Но мы все были разные. Тот воск, тот девственный воск, который покрывает хребет, таял на каждом по-своему. Урчанье конюха, завалившего девку в кустах крыжовника; рвущееся с веревки белье; мертвец в канаве; яблоня, застывшая под луной; крыса в червях; люстра, льющая синеву, - разное на воске у каждого отпечатывалось по-разному. Луиса ужасали свойства человеческой плоти; Роду наша жестокость; Сьюзен не могла делиться; Невил хотел порядка; Джинни любви; и так далее. Мы страдали ужасно, становясь отдельными существами.

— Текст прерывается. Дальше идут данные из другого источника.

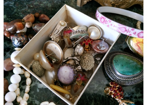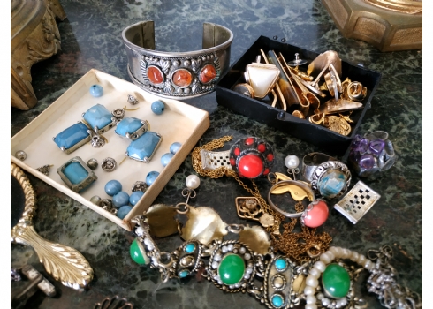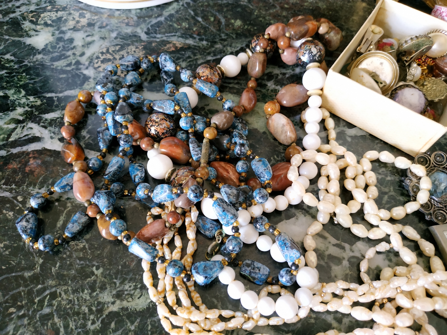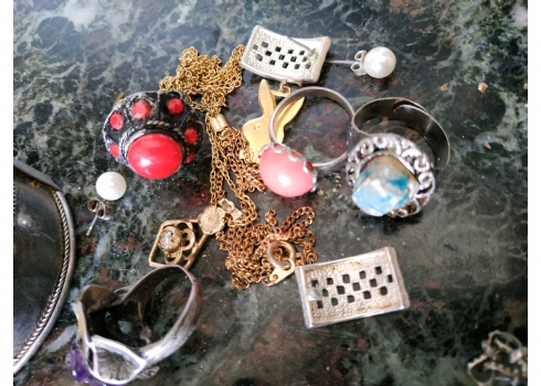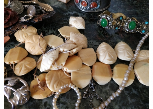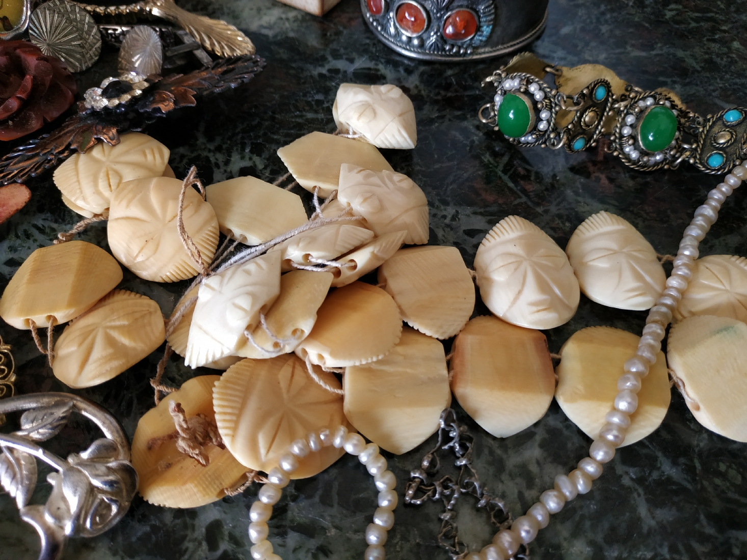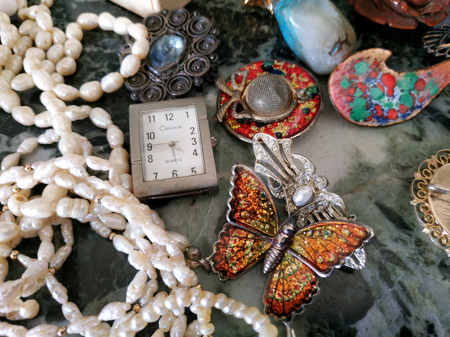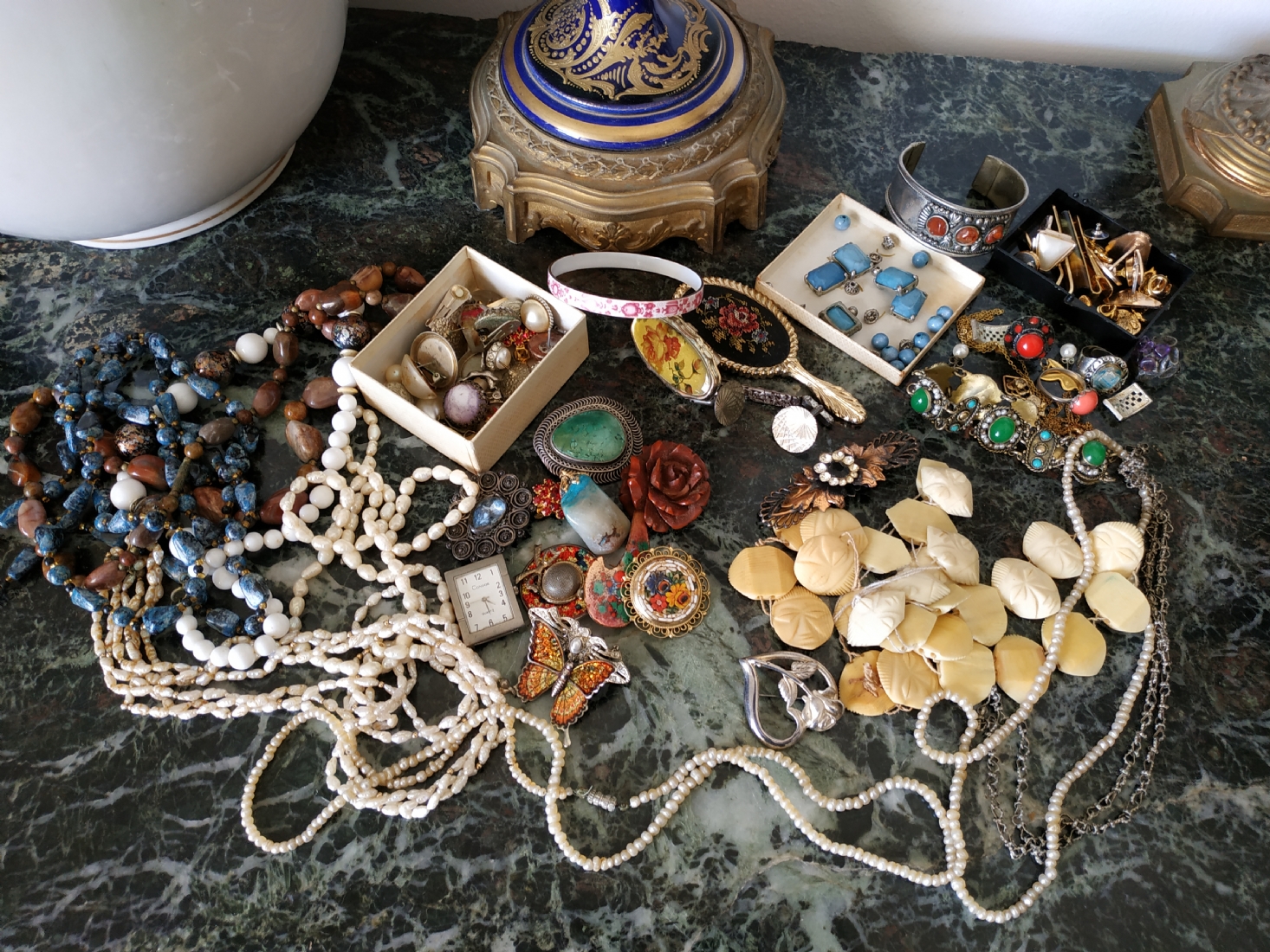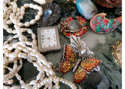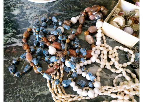 לוט של תכשיטי אופנה ישנים שונים, לרבות מחרוזות פנינים, שעון יד ללא רצועה וחרוזי שנהב, יד שניה / משומש.
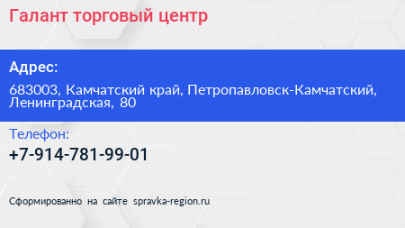 Галант, торговый центр по адресу 683003, Камчатский край, Петропавловск-Камчатский, Ленинградская, 80 в дальнейшем Организация, размещена в следующих категориях: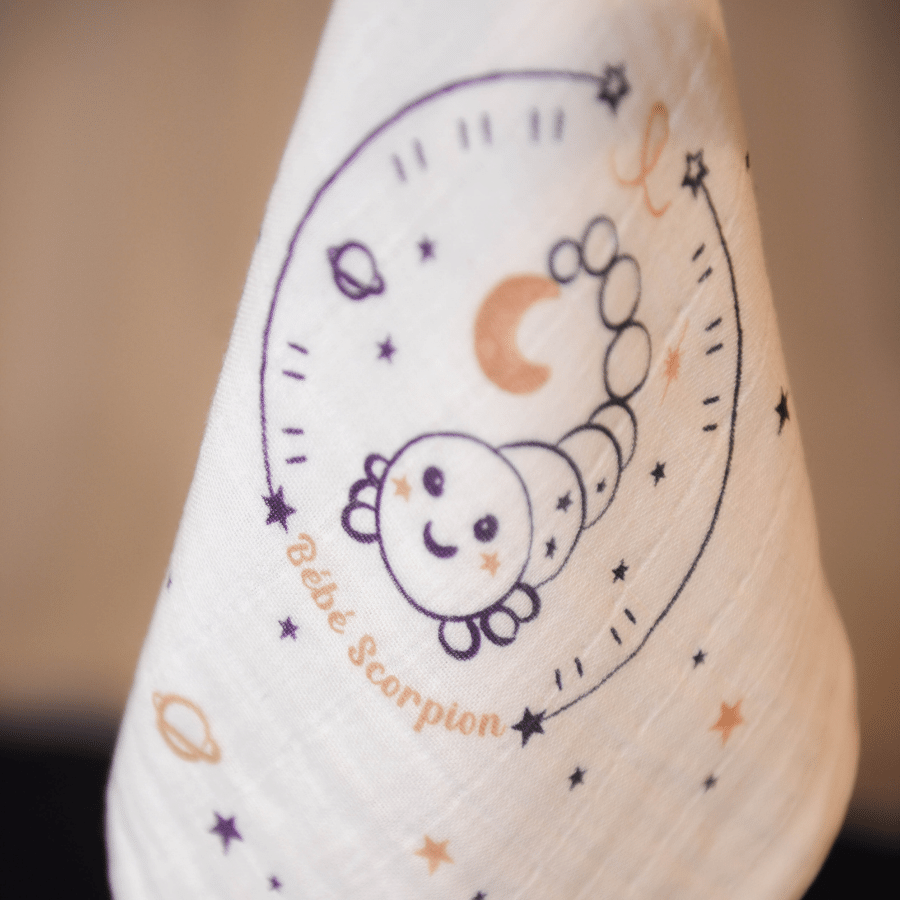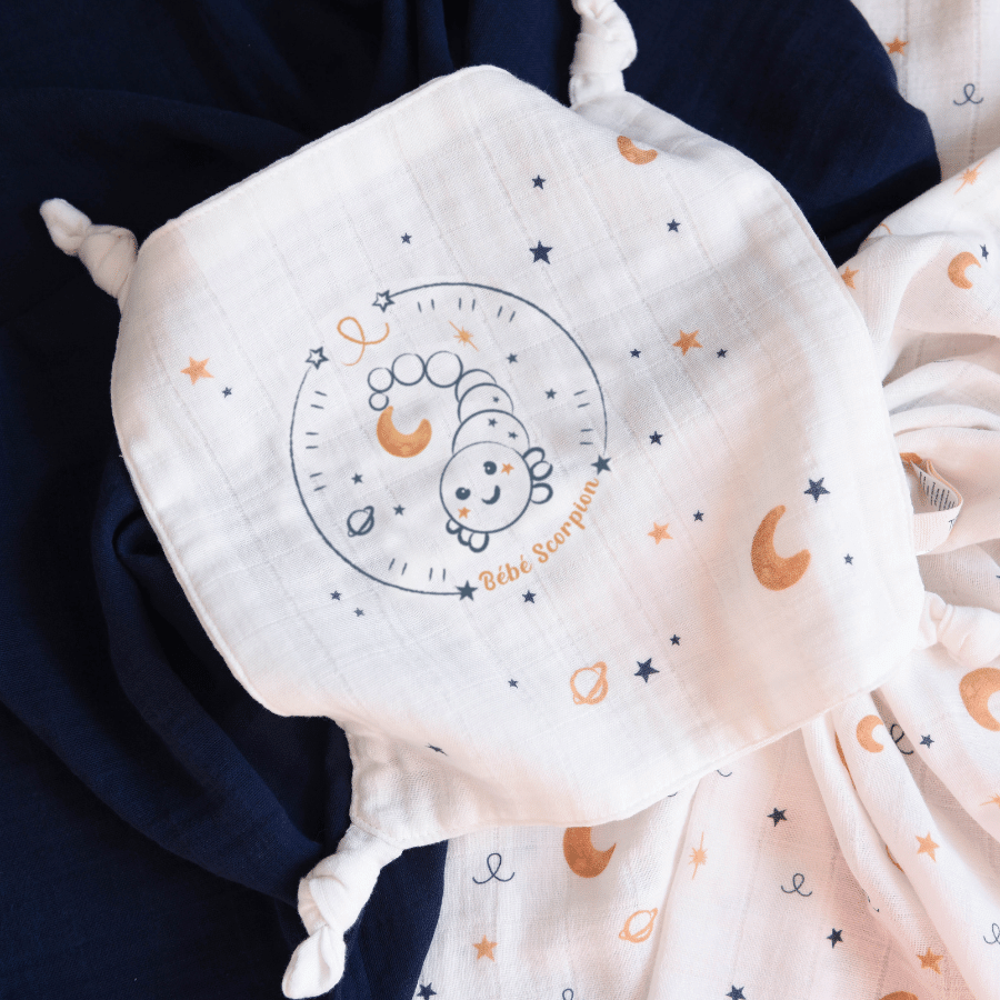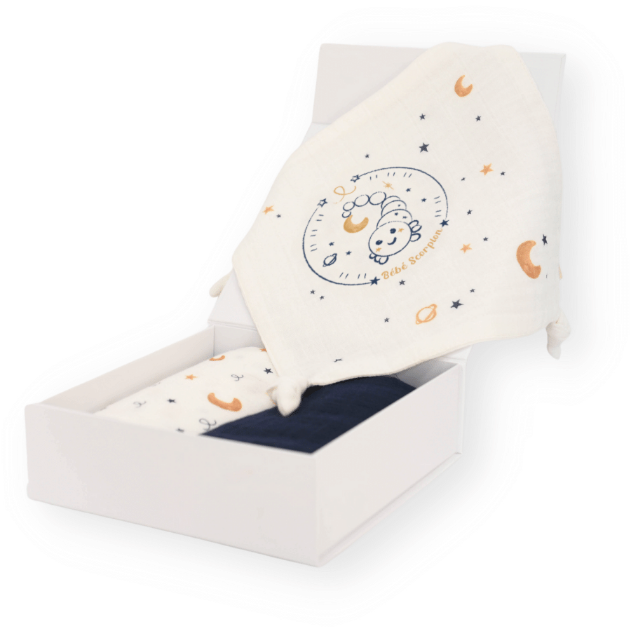 Tom & Mila Né entre le 23 octobre et le 22 novembre, Bébé Scorpion est audacieux, joueur et tendre. Arrêtez tout ! Bébé Scorpion est là ! Ce petit coquin a plus d’un tour dans son sac pour attirer votre attention et se faire câliner. Cadeau de naissance original, le coffret astro. Utile : le coffret comprend deux langes (on n’en a jamais assez) et un doudou pouvant s’accrocher à la tétine ou à l’anneau de dentition. Beau : les dessins ont été réfléchis pour adapter les signes du zodiaque au monde de nos Mini.e.s Certifiés Oeko-Tex, les produits respectent la peau…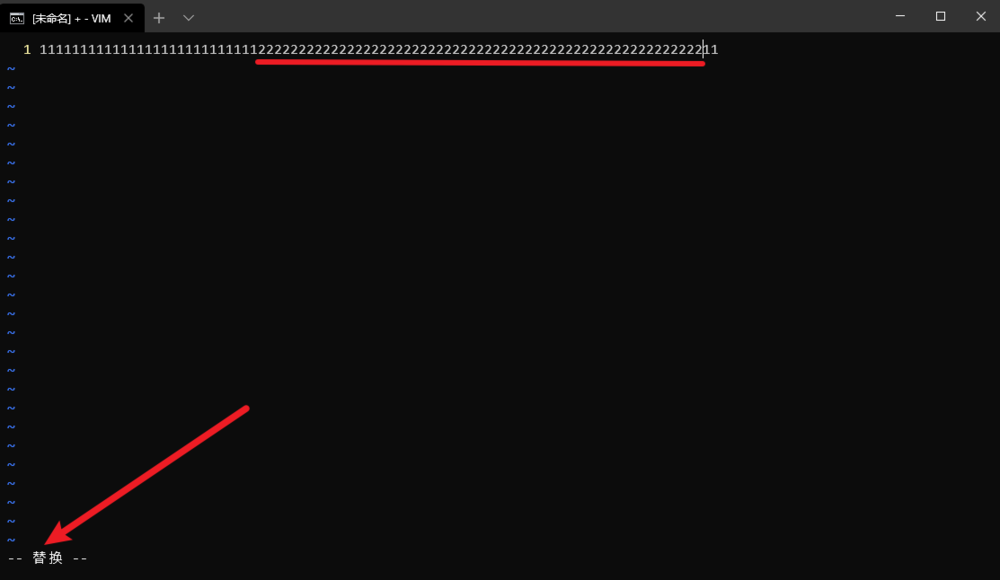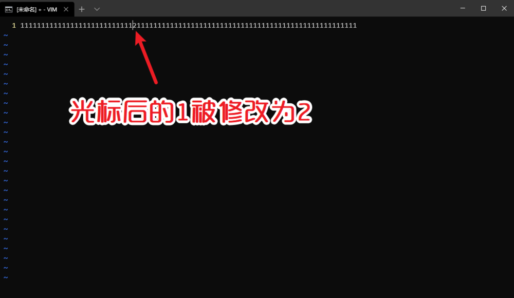 3、按小寫r鍵,書入2,將光標后的字符替換為2,這里只能替換一次。
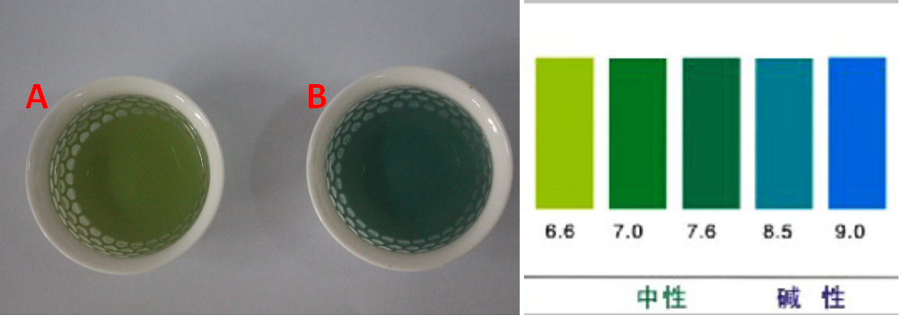 | A - mineral water | B - mineral water after 3 minutes electrolysis | |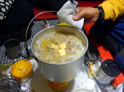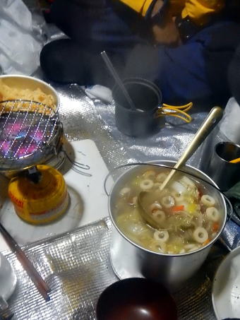 途中で陽が沈んでしまいヘッドライトを付けての本谷山越え。だんだん寒くなるし、まあテントに戻れば休めるのだけれど果たして無事に戻れるのか不安でした、、メンバーの方々に助けられて何とかテントに着いたのがナント20時過ぎ!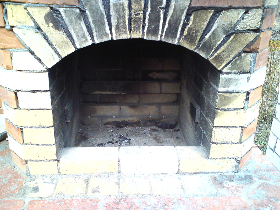 Сложил осенью барбекю + мини-печь по примеру Стрибука... Только дым решил в мини-печи пускать вверх... При контрольной растопке мини-печь дымила, барбекю, казалось, что и нет.... Итог перед вами(((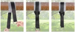 Комплектът се инсталира за минути – достатъчно е да увиете коланите/въжени обвивки и да ги фиксирате с карабините. Без инструменти, без повреда на повърхности.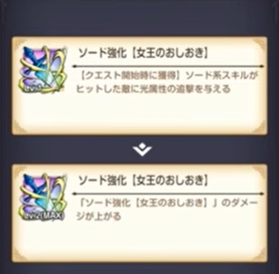また、「女王のお仕置き」でソード系スキル全体のダメージが底上げされるため、闇属性のソード(デインソードなど)にも追撃効果が乗る。
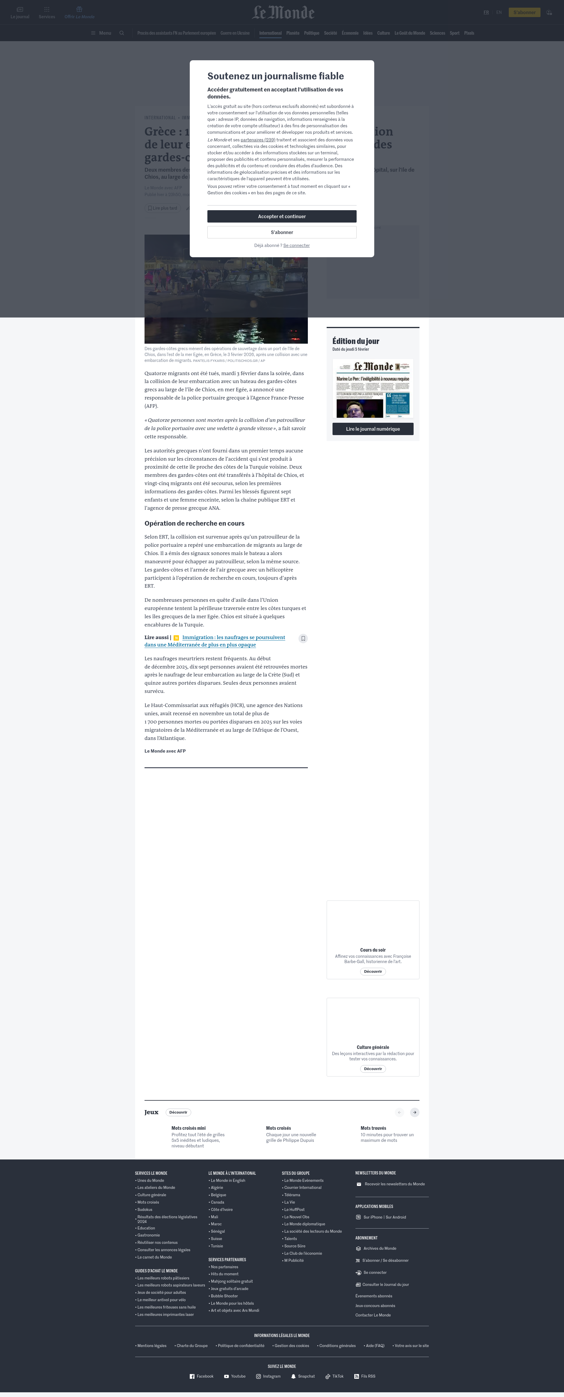 Grèce : 14 migrants meurent dans la collision de leur embarcation avec un patrouilleur des gardes-côtes en mer EgéeDeux membres des gardes-côtes grecs et vingt-cinq migrants secourus ont été transférés à l’hôpital, sur l’île de Chios, au large de laquelle s’est produit l’accident.PNGPDF

Я, однако, уберегся от таких крайностей, пережил многих своих друзей, расплылся, поседел, стреляный воробей, как говорится, ибо панорама жизни, нет, не с крыши, но с четвертого этажа - вот что восхищает меня, а не то, что женщина сказала мужчине, даже если этот мужчина - я сам. И потому - как могли бы меня изводить в школе? Как могли меня травить? Скажем, наш директор входил в часовню, весь подавшись вперед так, будто при штормовом ветре он выходил на палубу военного корабля и отдавал команды сквозь рупор, ведь люди, облеченные властью, всегда театральны, - разве я его ненавидел, как Невил, разве я его почитал, как Луис? Я делал заметки, когда мы сидели все вместе в часовне. Были колонны, и тени, и медь надгробий, и мальчишки тузили друг друга и менялись марками под прикрытьем молитвенников; сипел насос; директор вещал о бессмертии и о том, что мы должны вести себя так, как подобает мужчинам; Персивал чесал ляжку. Я делал заметки для своих историй; рисовал портреты на полях записной книжки и так становился еще более независимым. Вот один-другой образ, что сберегла память.
Персивал сидел, глядя прямо перед собой, в этот день в часовне. У него манера была такая - поднять руку и мазнуть себя по затылку. Каждое движение было у него немыслимым чудом. Мы все пытались так же вот хлопнуть себя по затылку - куда там! Он обладал той особенной красотой, которая чурается ласк. Не загадывая на будущее, он проглатывал все, что написано нам в назидание, без всякого комментария (латынь так и просится на язык), и с величавой незыблемостью, которая потом охранила его от стольких низостей и унижений, полагал, что льняные косы и розовые щеки Люси - верх красоты и женственности. Так охраняемый, его вкус потом стал замечательно тонким. Но тут бы нужна музыка, дикий какой-то хор. Чтоб охотничья песнь залетела в окно, дальний отзвук быстрой, нечаемой жизни, как крик в горах - прокатился, и нет его. То, что ошеломляет, щемит, чего мы не в силах понять, что обращает в нелепость симметрию, - все вдруг ложится мне на душу, когда я о нем думаю. Сломан тот аппаратик для наблюдения. Колонны рухнули; прочь уплывает директор; на меня находит вдруг непонятный восторг. Он был сброшен с лошади на полном скаку, и когда я шел сегодня по Шафтсбери-авеню, те смутные, невнятные лица, которые выныривают из двери подземки, и множество неразличимых индийцев, и люди, умирающие от голода и болезней, и брошенные женщины, и побитые псы, и рыдающие ребятишки - все, казалось, оплакивали его. Уж он бы установил справедливость. Был бы им всем защитником. Годам к сорока потряс бы власть предержащую. Мне никогда не приходило на ум, какой колыбельной можно бы его угомонить.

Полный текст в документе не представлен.